IV. Madame A.D., née E._______, contribuera à l'entretien de ses filles, C.D., née le [...], et D.D.________, née le [...], par le versement d'une pension mensuelle de CHF 300.- (trois cents francs), allocations familiales non comprises, jusqu'à leur majorité, ou jusqu'à la fin de leur formation professionnelle conformément à l'art. 277 al. 2 du Code civil.

Cette pension sera versée en mains de Monsieur B.D.________, le premier de chaque mois, la première fois le 1er avril 2009.

V. Le régime matrimonial des époux A.D.________ et B.D.________ sera liquidé selon les modalités qui seront précisées en cours d'instance.

VI. Les conclusions de la Demande unilatérale en divorce datée du 16 janvier 2009 sont rejetées pour le surplus."

Aux termes de ses déterminations du 30 avril 2009, la demanderesse a conclu, avec dépens, au rejet des conclusions reconventionnelles prises par le défendeur dans sa réponse du 10 mars 2009.

Le défendeur a déposé le 17 juillet 2009 des déterminations et a pris, avec dépens, les conclusions suivantes :

"I.- Madame A.D.________, née E._______, est déboutée de toutes ses conclusions.

II.- Monsieur B.D.________ persiste dans les conclusions de sa réponse datée du 10 mars 2009."

Désignée le 29 juillet 2009 par le Président du tribunal de céans pour procéder à l'audition des enfants des parties, X.________ lui a adressé, le 13 novembre 2009, le courrier suivant :

Les parties et leurs conseils ont été entendus à l'audience de jugement du 18 février 2010.

La demanderesse, qui s'est longuement exprimée en audience, en anglais, et a produit de nombreux écrits et documents (photos, enregistrements, etc…) pendant et après les débats, a fait état de sa souffrance d'être séparée de ses filles qui ne seraient pas heureuses auprès de leur père.

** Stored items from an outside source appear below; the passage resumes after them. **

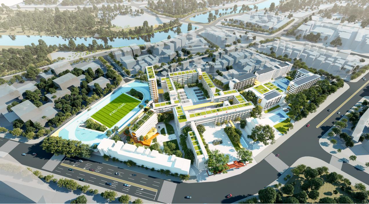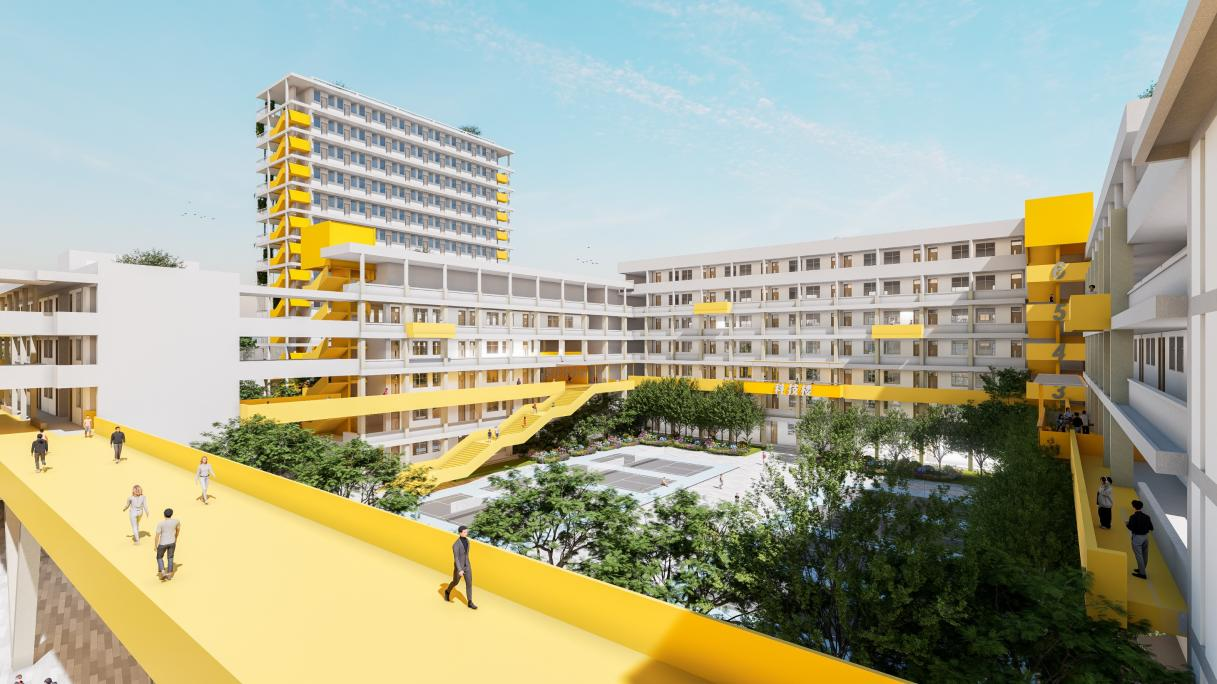 因地處龍崗區(qū)“客韻新城”,毗鄰龍崗河、龍園公園和鶴湖新居客家民俗博物館,周邊交通發(fā)達,生活便利,人口聚集,校園內(nèi)綠樹成蔭、設(shè)施齊全,擁有良好的打造“綠色校園”“文化校園”的基礎(chǔ)。項目組立足校園現(xiàn)狀,通過安全評估、院落織補、空間滲透、連橋搭建等設(shè)計手法打造多元一體化校園,建成后將為龍崗區(qū)師生提供一個安全高效、活力創(chuàng)新的高品質(zhì)學(xué)校。
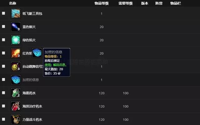 在能开出的物品列表里,加密的信息看上去很特殊,它很像德拉诺之王资料片里布林顿5000礼包开出的解码信息。
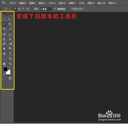 最左边的上方有一个双箭头,点击它以后,PS的主要功能区会回到以前版本的模式,有时候可以对我们的学习提供帮助。
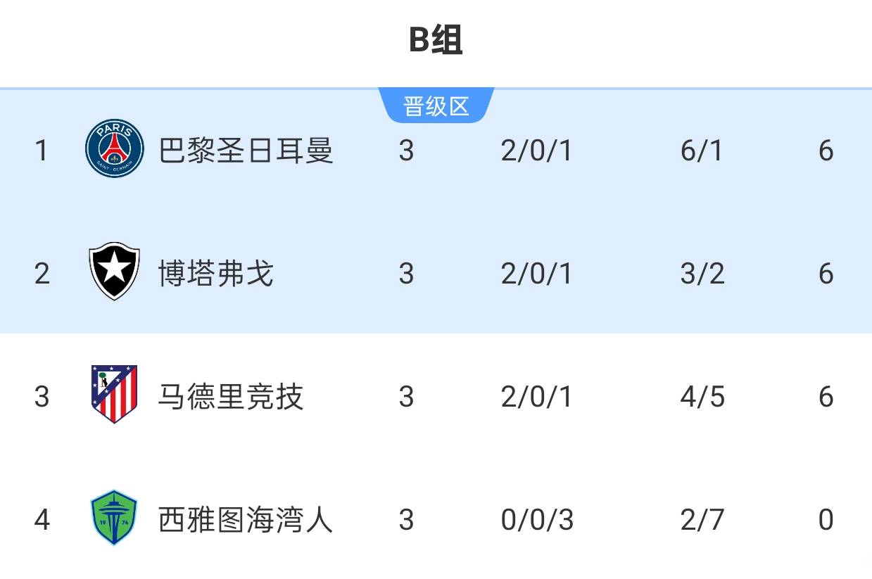 世俱杯B组3轮全部战罢,巴黎、博塔弗戈、马竞都是2胜1负积6分,同分先看相互战绩,由于相互战绩是一个小循环,因此三队需要比较净胜球,巴黎5个,博塔弗戈1个,马竞-1个,因此巴黎和博塔弗戈携手晋级,其中巴黎是B组头名,马竞遗憾出局,球员和教练可以度假蓄能新赛季了。
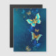 Ouro voador, borboleta de joias em fundo textural azul. Design com borboletas.

Elle a fait entendre deux témoins.

[...] est la voisine de palier de A.D.________ depuis environ six mois. Elle a invité à manger la demanderesse et ses filles, à une occasion. Elle ignore totalement si les enfants souffrent d'être séparées de leur mère; C.D.________ et D.D.________ paraissaient contentes, la mère s'en occupait bien. La demanderesse parle en suisse allemand avec ses enfants qui, comme leur mère, sont incapables de s'exprimer en français.

[...] connaît la demanderesse depuis l'année 2008. Elle l'a vue avec ses filles à deux reprises durant deux heures. Il lui est apparu que la demanderesse aimait sans aucun doute ses enfants, qui étaient contentes de voir leur maman. Le témoin relève également des difficultés de compréhension entre elles. Il lui semble que la demanderesse communique avec ses filles en thaïlandais.

Le défendeur a déclaré qu'il ne s'opposait pas à ce que soit instauré en faveur de son épouse un droit de visite à quinzaine. Il n'a pas de reproches particuliers à émettre en ce qui concerne son exercice, dont il rappelle qu'il n'a lieu régulièrement que depuis le printemps 2009. Il lui est apparu que sa fille aînée se rendait moins volontiers que sa soeur cadette chez sa mère, qui ne lui offre pas autant d'activités qu'elle le souhaiterait; privée de son environnement et de ses occupations habituels, C.D.________ semblerait s'ennuyer à Lausanne. A son avis, les enfants s'entendent très bien avec leur nouvelle maman de jour et sont heureuses du changement intervenu.

a) La demanderesse n'a jamais travaillé durant le mariage. Selon attestation du service social de Lausanne du 22 janvier 2010, elle bénéficie du revenu d'insertion (RI). Elle n'a aucun revenu propre. N'ayant jamais exercé d'activité lucrative, elle n'a aucun avoir LPP. Selon contrat de bail du 20 mars 2009, A.D.________ est locataire d'un appartement d'une pièce, à Lausanne, dont le loyer est de fr. 820.- par mois.

b) B.D.________ travaille pour le compte de [...] AG à Sursee. Son salaire net mensualisé est de fr. 5'459.50, allocations familiales par fr. 400.- en sus. Le défendeur vit avec ses enfants dans un appartement de quatre pièces et demie, au loyer mensuel, charges comprises, de fr. 1'430.-. Ses primes d'assurance maladie ajoutées à celles des filles totalisent le montant de fr. 274.- par mois. Exerçant une activité à plein temps, il fait appel à une maman de jour qu'il rémunère mensuellement à hauteur de fr. 1'140.-.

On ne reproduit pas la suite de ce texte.